INFORMATION PROVIDED
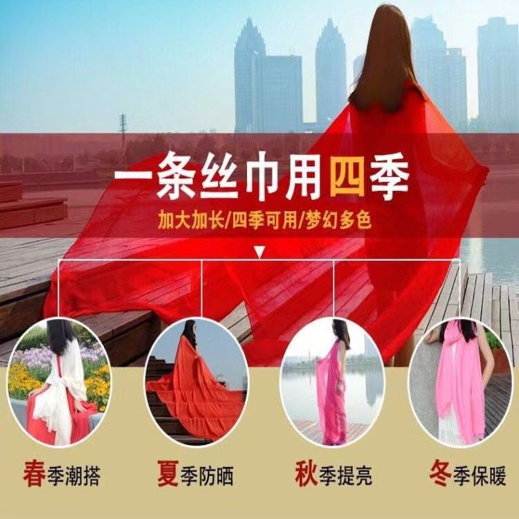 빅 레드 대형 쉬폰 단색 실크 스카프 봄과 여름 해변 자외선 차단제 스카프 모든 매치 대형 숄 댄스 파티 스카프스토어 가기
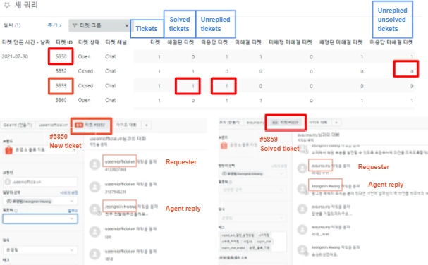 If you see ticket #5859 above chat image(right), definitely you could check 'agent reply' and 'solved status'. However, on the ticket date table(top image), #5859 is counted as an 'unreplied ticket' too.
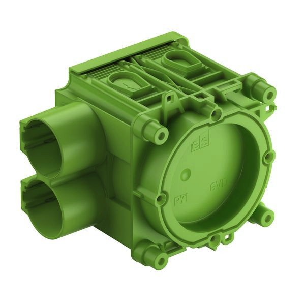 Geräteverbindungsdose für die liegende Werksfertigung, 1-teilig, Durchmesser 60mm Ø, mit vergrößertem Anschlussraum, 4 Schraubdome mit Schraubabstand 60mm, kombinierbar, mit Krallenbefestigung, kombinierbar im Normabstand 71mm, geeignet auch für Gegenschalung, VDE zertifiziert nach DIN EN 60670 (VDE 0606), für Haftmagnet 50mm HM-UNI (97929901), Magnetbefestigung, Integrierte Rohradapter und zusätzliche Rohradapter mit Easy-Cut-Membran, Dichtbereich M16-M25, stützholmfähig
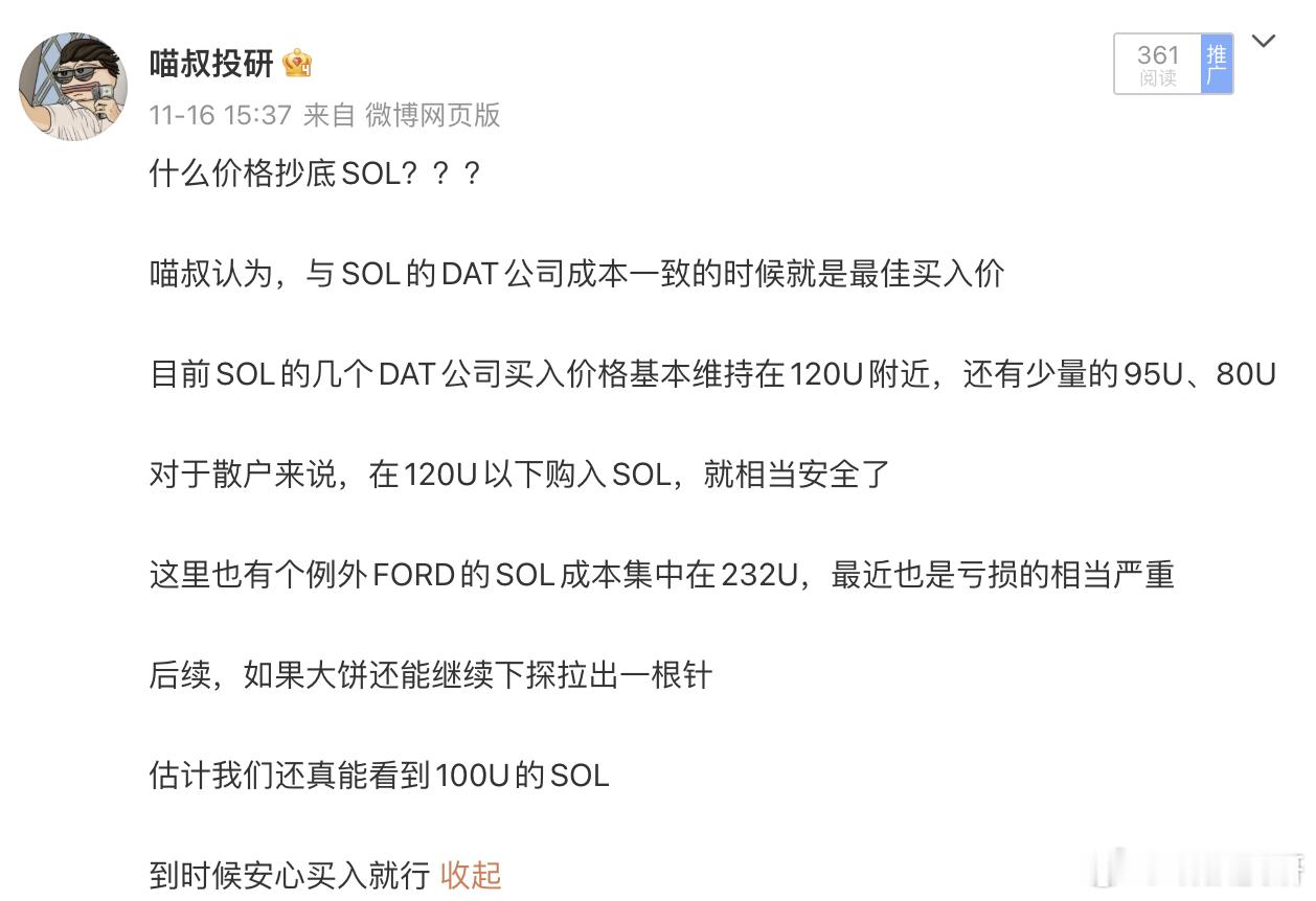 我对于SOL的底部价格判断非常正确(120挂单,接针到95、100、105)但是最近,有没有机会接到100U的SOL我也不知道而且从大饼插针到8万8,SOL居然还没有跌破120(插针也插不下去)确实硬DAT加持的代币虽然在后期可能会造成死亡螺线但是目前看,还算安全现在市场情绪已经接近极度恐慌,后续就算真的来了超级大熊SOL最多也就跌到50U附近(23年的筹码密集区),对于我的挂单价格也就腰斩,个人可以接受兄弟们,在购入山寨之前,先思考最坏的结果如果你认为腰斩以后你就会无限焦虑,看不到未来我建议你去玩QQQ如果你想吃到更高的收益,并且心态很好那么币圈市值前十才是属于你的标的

WORK REQUIRED
Reproduce the lines above exactly, please, but not the pictures in them.

WRITTEN REPLY
 빅 레드 대형 쉬폰 단색 실크 스카프 봄과 여름 해변 자외선 차단제 스카프 모든 매치 대형 숄 댄스 파티 스카프스토어 가기
 If you see ticket #5859 above chat image(right), definitely you could check 'agent reply' and 'solved status'. However, on the ticket date table(top image), #5859 is counted as an 'unreplied ticket' too.
 Geräteverbindungsdose für die liegende Werksfertigung, 1-teilig, Durchmesser 60mm Ø, mit vergrößertem Anschlussraum, 4 Schraubdome mit Schraubabstand 60mm, kombinierbar, mit Krallenbefestigung, kombinierbar im Normabstand 71mm, geeignet auch für Gegenschalung, VDE zertifiziert nach DIN EN 60670 (VDE 0606), für Haftmagnet 50mm HM-UNI (97929901), Magnetbefestigung, Integrierte Rohradapter und zusätzliche Rohradapter mit Easy-Cut-Membran, Dichtbereich M16-M25, stützholmfähig
 我对于SOL的底部价格判断非常正确(120挂单,接针到95、100、105)但是最近,有没有机会接到100U的SOL我也不知道而且从大饼插针到8万8,SOL居然还没有跌破120(插针也插不下去)确实硬DAT加持的代币虽然在后期可能会造成死亡螺线但是目前看,还算安全现在市场情绪已经接近极度恐慌,后续就算真的来了超级大熊SOL最多也就跌到50U附近(23年的筹码密集区),对于我的挂单价格也就腰斩,个人可以接受兄弟们,在购入山寨之前,先思考最坏的结果如果你认为腰斩以后你就会无限焦虑,看不到未来我建议你去玩QQQ如果你想吃到更高的收益,并且心态很好那么币圈市值前十才是属于你的标的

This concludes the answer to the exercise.